— Problem description —
Print every entry exactly as written and exclude all images.

Source data
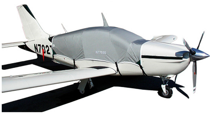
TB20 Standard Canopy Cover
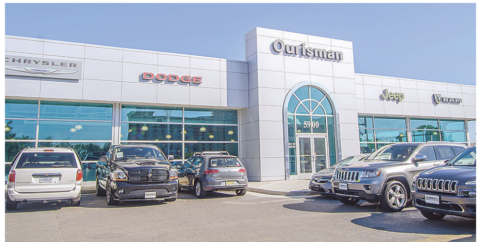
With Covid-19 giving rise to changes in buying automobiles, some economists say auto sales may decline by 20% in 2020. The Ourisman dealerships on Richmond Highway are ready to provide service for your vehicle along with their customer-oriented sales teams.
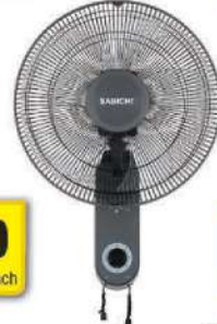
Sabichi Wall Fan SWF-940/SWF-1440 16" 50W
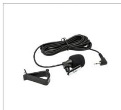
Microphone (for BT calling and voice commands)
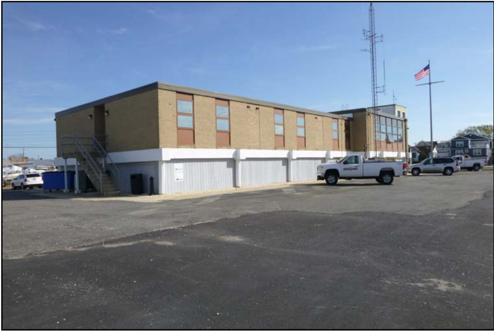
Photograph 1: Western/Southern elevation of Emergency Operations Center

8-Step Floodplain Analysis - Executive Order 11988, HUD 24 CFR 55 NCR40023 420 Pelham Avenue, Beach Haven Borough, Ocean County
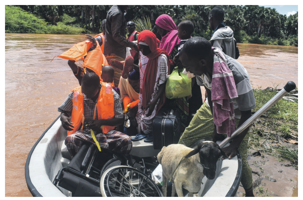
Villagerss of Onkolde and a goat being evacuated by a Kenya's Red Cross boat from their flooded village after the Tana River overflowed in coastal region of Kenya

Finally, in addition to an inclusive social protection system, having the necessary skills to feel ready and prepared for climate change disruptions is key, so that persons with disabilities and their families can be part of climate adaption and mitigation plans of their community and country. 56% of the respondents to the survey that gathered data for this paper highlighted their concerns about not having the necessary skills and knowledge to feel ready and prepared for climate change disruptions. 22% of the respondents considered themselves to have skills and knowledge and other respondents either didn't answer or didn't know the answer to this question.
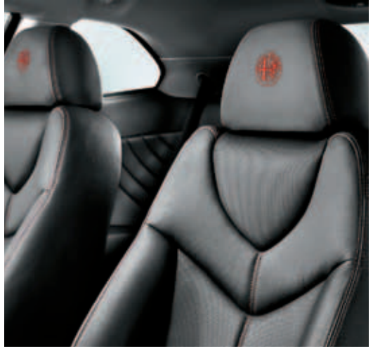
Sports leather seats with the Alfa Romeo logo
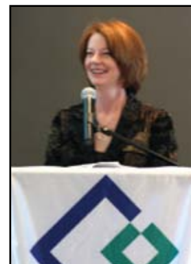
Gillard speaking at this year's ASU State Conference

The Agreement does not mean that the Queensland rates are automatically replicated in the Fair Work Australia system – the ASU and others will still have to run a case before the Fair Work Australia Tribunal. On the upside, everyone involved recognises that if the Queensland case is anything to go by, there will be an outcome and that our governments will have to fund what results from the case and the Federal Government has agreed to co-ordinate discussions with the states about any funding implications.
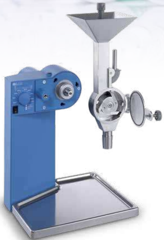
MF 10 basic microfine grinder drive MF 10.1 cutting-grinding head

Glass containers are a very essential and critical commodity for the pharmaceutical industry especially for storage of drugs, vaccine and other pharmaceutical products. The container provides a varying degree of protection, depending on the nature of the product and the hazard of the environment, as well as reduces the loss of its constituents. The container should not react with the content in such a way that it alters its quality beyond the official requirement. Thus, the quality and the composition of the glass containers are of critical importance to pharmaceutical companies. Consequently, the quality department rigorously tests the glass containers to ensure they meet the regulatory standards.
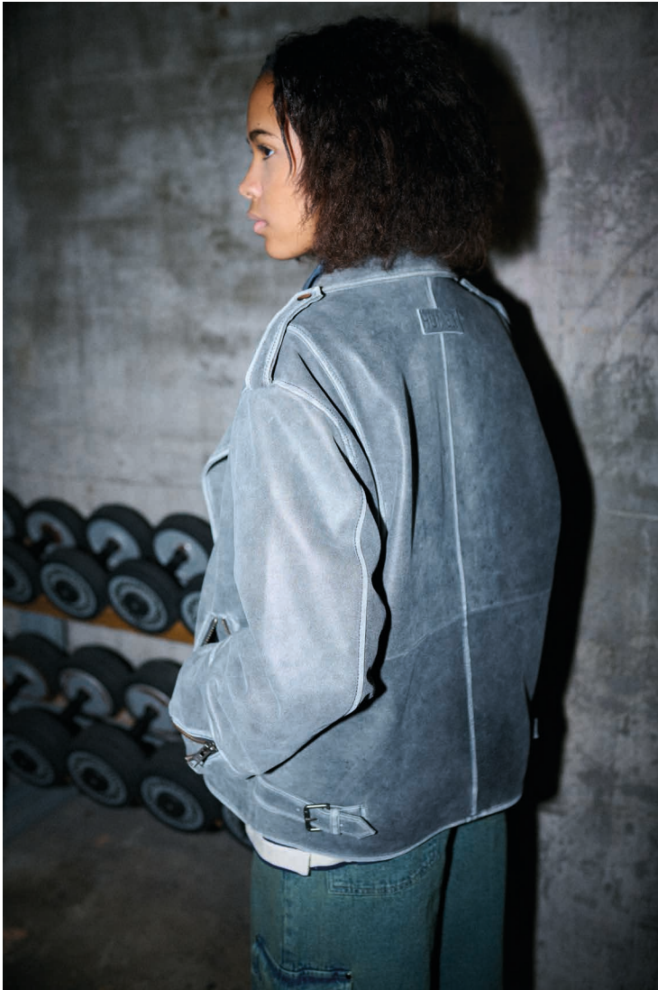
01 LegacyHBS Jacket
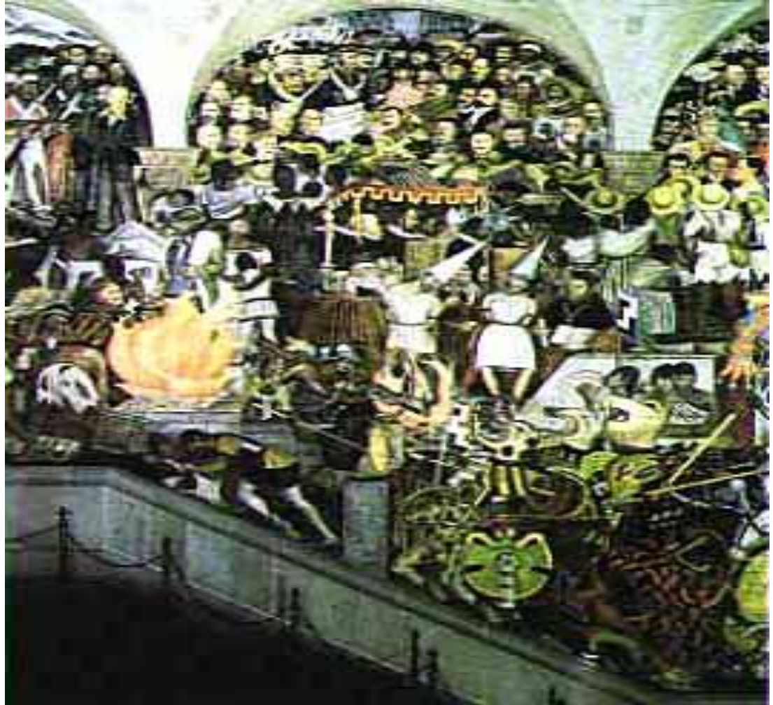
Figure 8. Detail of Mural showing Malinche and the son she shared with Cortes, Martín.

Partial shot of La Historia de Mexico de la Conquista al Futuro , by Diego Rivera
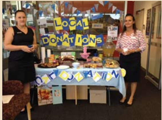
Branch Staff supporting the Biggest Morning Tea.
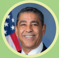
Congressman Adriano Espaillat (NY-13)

— Answer section —
TB20 Standard Canopy Cover
With Covid-19 giving rise to changes in buying automobiles, some economists say auto sales may decline by 20% in 2020. The Ourisman dealerships on Richmond Highway are ready to provide service for your vehicle along with their customer-oriented sales teams.
Sabichi Wall Fan SWF-940/SWF-1440 16" 50W
Microphone (for BT calling and voice commands)
Photograph 1: Western/Southern elevation of Emergency Operations Center

8-Step Floodplain Analysis - Executive Order 11988, HUD 24 CFR 55 NCR40023 420 Pelham Avenue, Beach Haven Borough, Ocean County
Villagerss of Onkolde and a goat being evacuated by a Kenya's Red Cross boat from their flooded village after the Tana River overflowed in coastal region of Kenya

Finally, in addition to an inclusive social protection system, having the necessary skills to feel ready and prepared for climate change disruptions is key, so that persons with disabilities and their families can be part of climate adaption and mitigation plans of their community and country. 56% of the respondents to the survey that gathered data for this paper highlighted their concerns about not having the necessary skills and knowledge to feel ready and prepared for climate change disruptions. 22% of the respondents considered themselves to have skills and knowledge and other respondents either didn't answer or didn't know the answer to this question.
Sports leather seats with the Alfa Romeo logo
Gillard speaking at this year's ASU State Conference

The Agreement does not mean that the Queensland rates are automatically replicated in the Fair Work Australia system – the ASU and others will still have to run a case before the Fair Work Australia Tribunal. On the upside, everyone involved recognises that if the Queensland case is anything to go by, there will be an outcome and that our governments will have to fund what results from the case and the Federal Government has agreed to co-ordinate discussions with the states about any funding implications.
MF 10 basic microfine grinder drive MF 10.1 cutting-grinding head

Glass containers are a very essential and critical commodity for the pharmaceutical industry especially for storage of drugs, vaccine and other pharmaceutical products. The container provides a varying degree of protection, depending on the nature of the product and the hazard of the environment, as well as reduces the loss of its constituents. The container should not react with the content in such a way that it alters its quality beyond the official requirement. Thus, the quality and the composition of the glass containers are of critical importance to pharmaceutical companies. Consequently, the quality department rigorously tests the glass containers to ensure they meet the regulatory standards.
01 LegacyHBS Jacket
Figure 8. Detail of Mural showing Malinche and the son she shared with Cortes, Martín.

Partial shot of La Historia de Mexico de la Conquista al Futuro , by Diego Rivera
Branch Staff supporting the Biggest Morning Tea.
Congressman Adriano Espaillat (NY-13)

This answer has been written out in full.